O texto, que havia sido apresentado ainda em 2019 e desarquivado em 2023, só avançou após receber parecer de urgência nesta semana. A votação foi unânime no Plenário 13 de Maio e ocorreu às vésperas da 2ª Cúpula Global da Coalizão para a Alimentação Escolar, que será realizada em Fortaleza nos dias 18 e 19 de setembro. Segundo Roseno, a intenção é fazer do Ceará uma referência no combate à obesidade infantil e na promoção de hábitos alimentares saudáveis.
Pelo projeto, a proibição será implementada de forma escalonada:
•Escolas estaduais: aplicação imediata;
•Escolas municipais públicas: adaptação em até dois anos, começando com restrição de 80%;
•Escolas privadas: prazo de dois anos para adequação total.
O texto segue agora para sanção do governador Elmano de Freitas (PT).
Ajustes para escolas privadas
A negociação com instituições particulares, setor alimentício e o Ministério do Desenvolvimento Social foi conduzida pelo líder do Governo na Alece, deputado Guilherme Sampaio (PT). Ele destacou que a lei prevê um período de adaptação para que fornecedores e cantinas possam se reorganizar.
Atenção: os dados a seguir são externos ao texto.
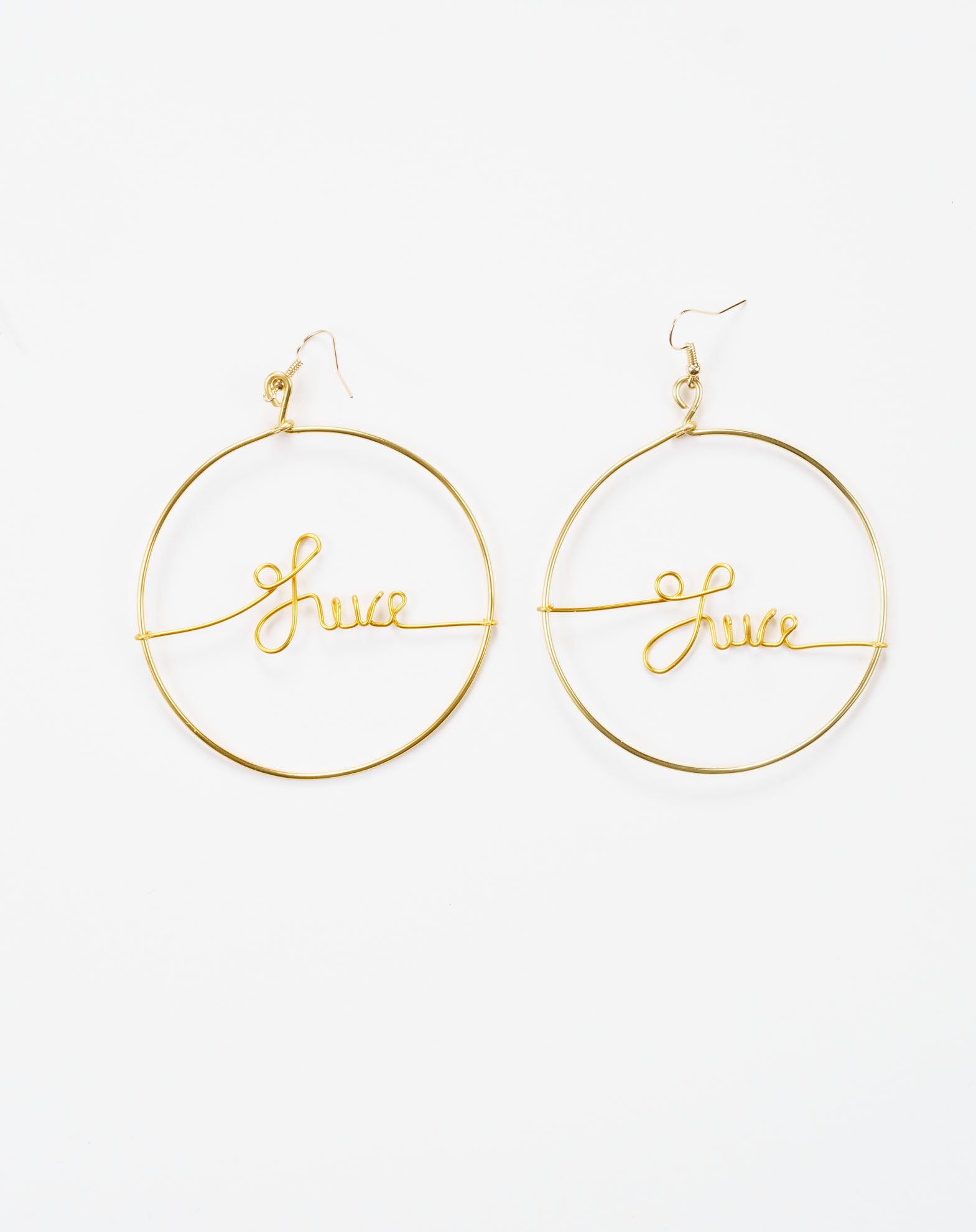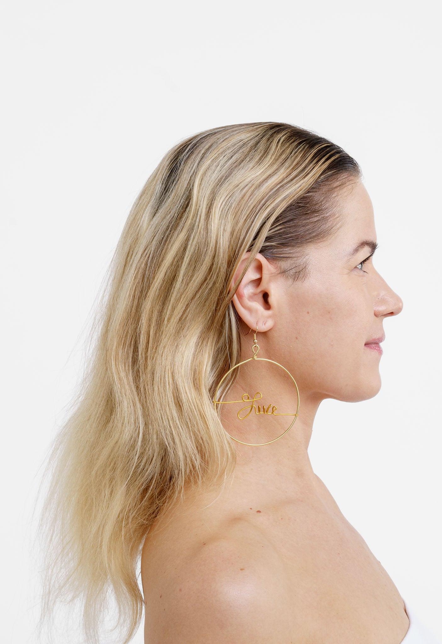 Ultralätta örhängen av aluminium. Krokar i förgylld mässing. Diametern pä örhängena är 7 cm.
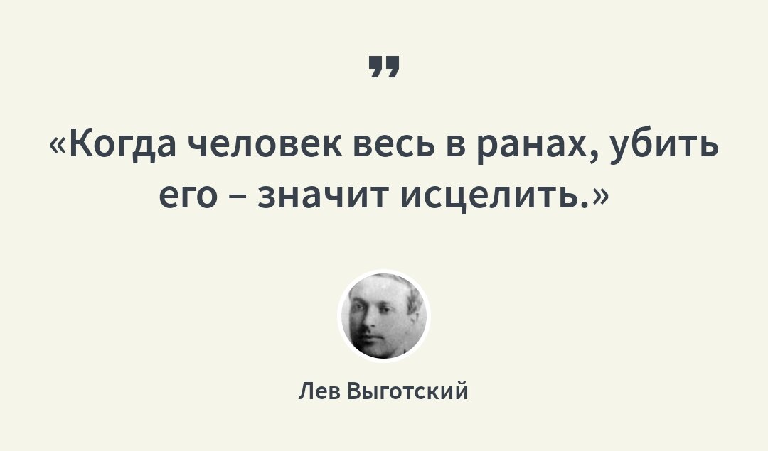 Год назад, когда я искала информацию о великом советском психологе Льве Семеновиче Выготском, очередной раз убедилась, как важно проверять информацию и обращаться к первоисточникам. Все мы знаем множество "фраз" несравненной Фаины Раневской, которые она не говорила. Присвоенные себе чужие статьи, стихи и т.д. И тогда я наткнулась на одном сайте на такую цитату якобы Выготского: Когда человек весь в ранах, убить его - значит исцелить". Очень удивилась такой кровожадности Льва Семёновича. Решила пойти посмотреть контекст сказанного в первоисточнике "Психология искусства" Оказалось, что фраза действительно есть, но: Во- первых, она взята в кавычки и принадлежит Геббелю, а не Выготскому. Во- вторых, Выготский оспаривает этот тезис и пишет свое мнение. Почувствуйте, как говорится, разницу: А ведь прочтут такую цитату люди и побегут рассказывать о жестокости советских психологов. А вот это вообще нонсенс: Крылова приписать Выготскому! Ревизионисты скажут, что Выготский Крылов
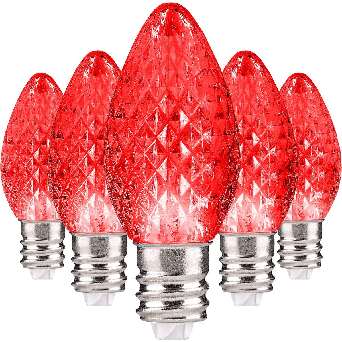 Holiday Lighting Outlet Faceted C7 Christmas Lights | Red Led Light Bulbs Holiday Decoration | Warm Christmas Decor For Indoor & Outdoor Use | 2 Smd Leds In Each Light Bulb | Set Of 25

“As escolas particulares precisarão de tempo para se adequar, por isso fixamos um prazo de dois anos. Durante esse período, elas deverão promover campanhas educativas com famílias e estudantes. Também incluímos uma exceção para o ensino médio e ampliamos a restrição ao comércio de ultraprocessados nas calçadas das escolas, muitas vezes realizado por ambulantes”, explicou o parlamentar.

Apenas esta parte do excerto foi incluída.